During the summer, we maintain individuals on a 14:10 light:dark light cycle, with temperatures that fluctuate from 33°C during the day to 23°C at night. In November, we acclimate all individuals to a photothermal cycle that resembles the conditions that induce hibernation in the field by decreasing photoperiod and temperature on a weekly basis. During hibernation, we keep individuals on an 8:16 light:dark light cycle, with temperatures that fluctuate from 12.5°C during the day and 10°C at night. After the animals have been in hibernation for 10 wk, we increase photoperiod and temperature on a weekly basis until they return to the summer photothermal levels (e.g., Sakata et al. 2002). We maintain humidity at 40 to 50% throughout the year (Wade and Crews 1991b).

Both species reproduce well in our laboratory, and we regularly collect and incubate eggs and raise individuals hatched from eggs. Females and parthenogens produce eggs during the summer, and we add more water to the sand at one end of the cage to provide adequate moisture for egg laying. We palpate the abdomens of the adult females weekly to determine the degree of ovarian development, checking those with eggs in the oviduct daily for oviposition. We collect eggs within 24 hr of oviposition and place each clutch in a 30-mL plastic cup that contains a 1:1 vermiculite:water mixture. We seal the cups with plastic sandwich bags that are secured by a rubber band and place them in an incubator at 28.5°C. At this temperature, the hatchlings emerge in an average of 57 days and mortality rates are low (e.g., Wennstrom and Crews 1995).

We house hatchlings, up to 10 per cage, in 10-gallon aquaria with 3 to 4 cm of sand, wood blocks, and shallow trays with water. We feed the individuals with vestigial-winged fruit flies, which are unable to fly, twice a day for the first few weeks. As individuals increase in size, we feed them small wax worms and 2-wk-old crickets (Wennstrom and Crews 1995; C. Gill and D. Crews, unpublished observations).

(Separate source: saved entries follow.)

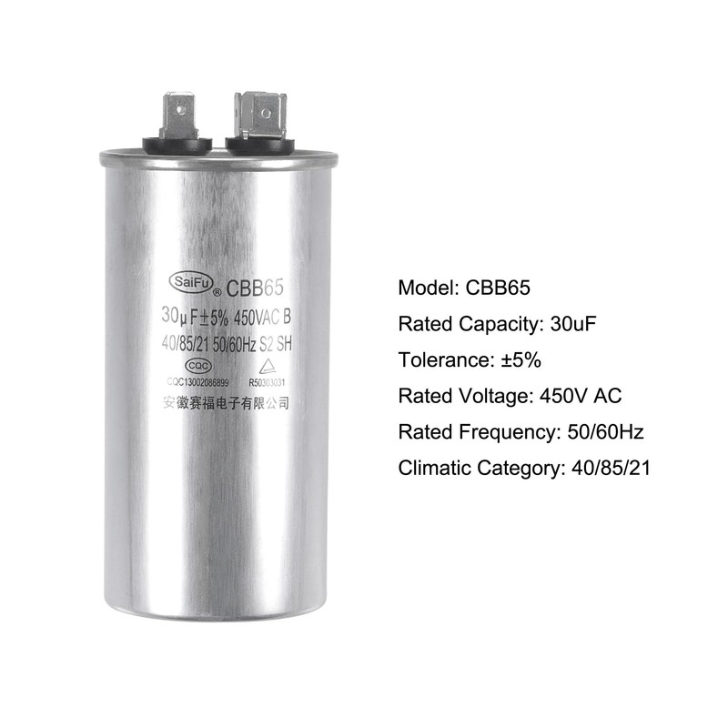 - [Specification] - Rated capacity: 30uF; Tolerance: ±5%; Rated voltage: 450V AC; Body size: 114 x 50 mm / 4.5 x 2 inches (L x D); Rated frequency: 50/60Hz; Climate class: 40/85/21
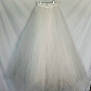 Flowy, layered tulle skirt with subtle sequin embellishments for added shimmer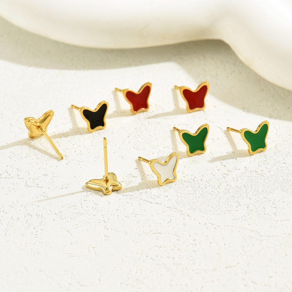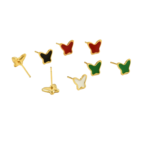 Brincos Borboleta 6,00 € Desconto de %. Partilhar Cor Verde Preto Comprar Contactar Material: aço inoxidável e esmalte Dimensão: 7mm x 8mm

Hormonal Regulation of Sexual Behavior in the Sexual and Parthenogenetic Whiptail Lizards

Sexual activity in males of the ancestral species depends on testicular androgens (Lindzey and Crews 1986), which varyaccording to season (Lindzey and Crews 1993; Moore and Crews 1986). Males have higher levels of testosterone and display copulatory behaviors more frequently during the summer breeding season than during the rest of the year. Similarly, exogenous administration of androgen stimulates male-like pseudosexual behavior in the parthenogen (Grassman and Crews 1986; Mayo and Crews 1987; Sakata et al. 2003; Wade et al. 1993). Nevertheless, circulating androgens remain uniformly undetectable in the parthenogen throughout the reproductive cycle (Moore and Crews 1986), suggesting that the parthenogen has inherited a sensitivity to androgen but not a male pattern of androgen secretion. In addition, the nature and pattern of sex steroid hormone secretions in the parthenogen are virtually identical to those in females of the sexual species (Moore and Crews 1986). In both species, estradiol gradually increases during follicular development and drops after ovulation, whereas progesterone levels are low during follicular development and increase dramatically around the time of ovulation (Moore and Crews 1986; Moore et al. 1985b; Figure 3). Together these data indicate that the evolution of pseudosexual behavior has not been accompanied by an alteration of the female-typical pattern of endocrine changes.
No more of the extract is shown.